Earlier reports by Barnett and co-workers (Barnett et al. 1992; Barnett and Gandy 1989; Frost et al. 2001; Theus et al. 1993; Xie et al. 1997; Zhao et al. 1995, 1998) indicated that PRN exposure results in adverse effects on most compartments of the immune system, including macrophages, B lymphocytes, and T-helper lymphocytes. Curiously, however, there appeared to be little, if any, effect on cellular immunity mediated by cytotoxic T-lymphocyte (CTL) effectors (Barnett et al. 1992; Barnett and Gandy 1989).

Given that the responsiveness of the other immune compartments examined is inhibited by PRN exposure, we hypothesized that acute PRN exposure might yet impair CTL function, albeit in a manner that is initially difficult to detect under the in vitro conditions used. To test this hypothesis we considered that the adverse immunotoxic effects of PRN exposure on cell-mediated immunity might be observed in one or more of three parameters: a) presentation of peptide antigen to CTLs by antigen-presenting cells (APCs), b) proliferation and differentiation of CTLs, and/or c) functional lytic response of activated CTL effectors.
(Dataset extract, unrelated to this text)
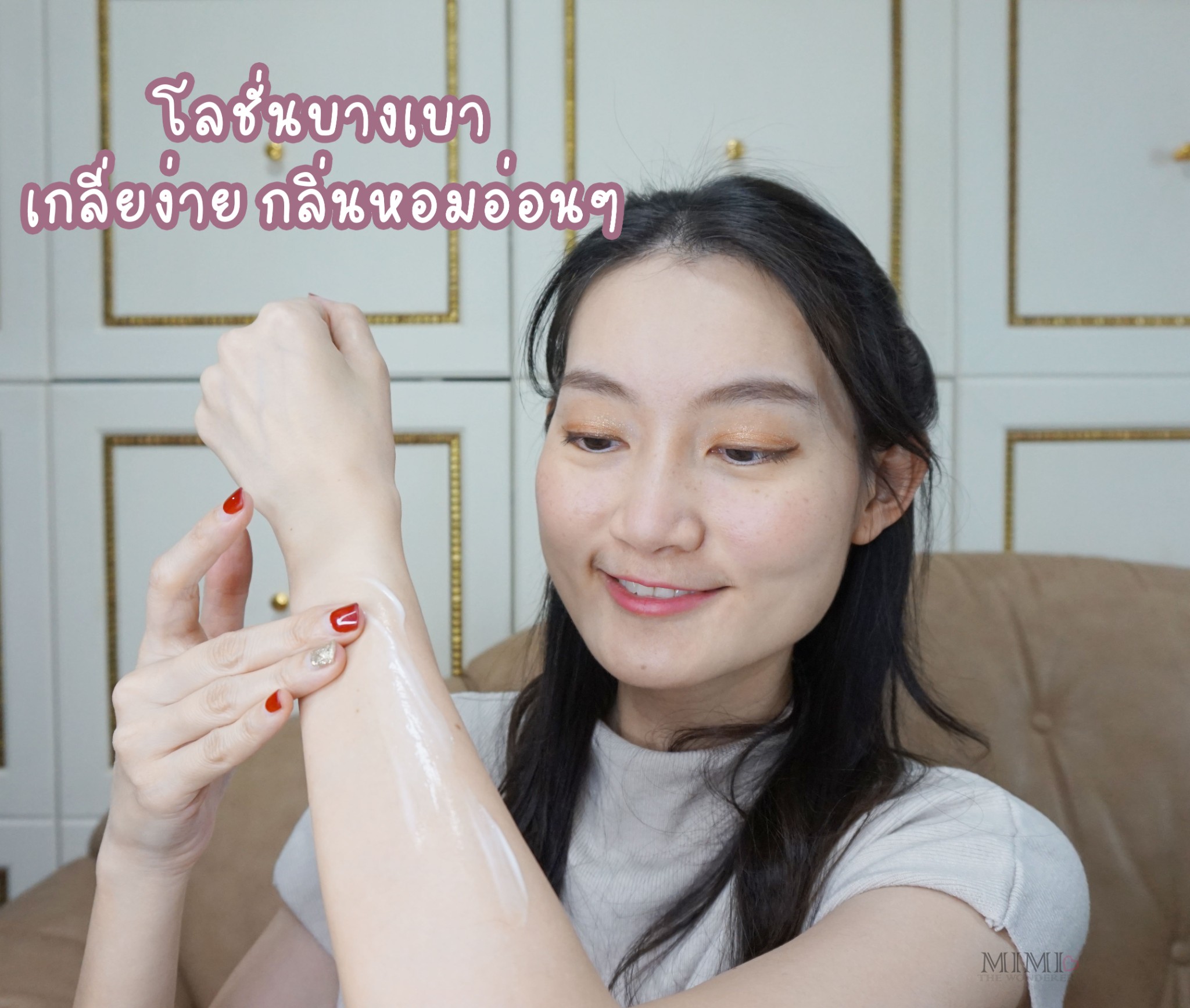 ตอนทาเราชอบกลิ่นโลชั่นตัวนี้มากเลย เพราะกลิ่นหอมอ่อนๆ เนื้อบางเบา เหมาะกับสภาพอากาศเมืองไทยมากๆ แถมยังซึมซับได้ไว ไม่เหนียวเหนอะหนะผิว เกลี่ยได้ง่าย และไม่รู้สึกเหนอะหนะผิวระหว่างวันเลย สบายผิวมากค่ะ

The immune activation and functional responsiveness of CTLs can be examined and assessed independently in vitro. CTL activation is based on the capacity of APCs to efficiently process and present peptide antigens to CTLs and thus indirectly affects CTL responsiveness. Conversely, the functional lytic response of CTLs emerges as a result of the differentiation of naive CD8+ T cells into effector CTLs capable of responding through lysis of the target cell, thereby serving as a direct measure of CTL activation.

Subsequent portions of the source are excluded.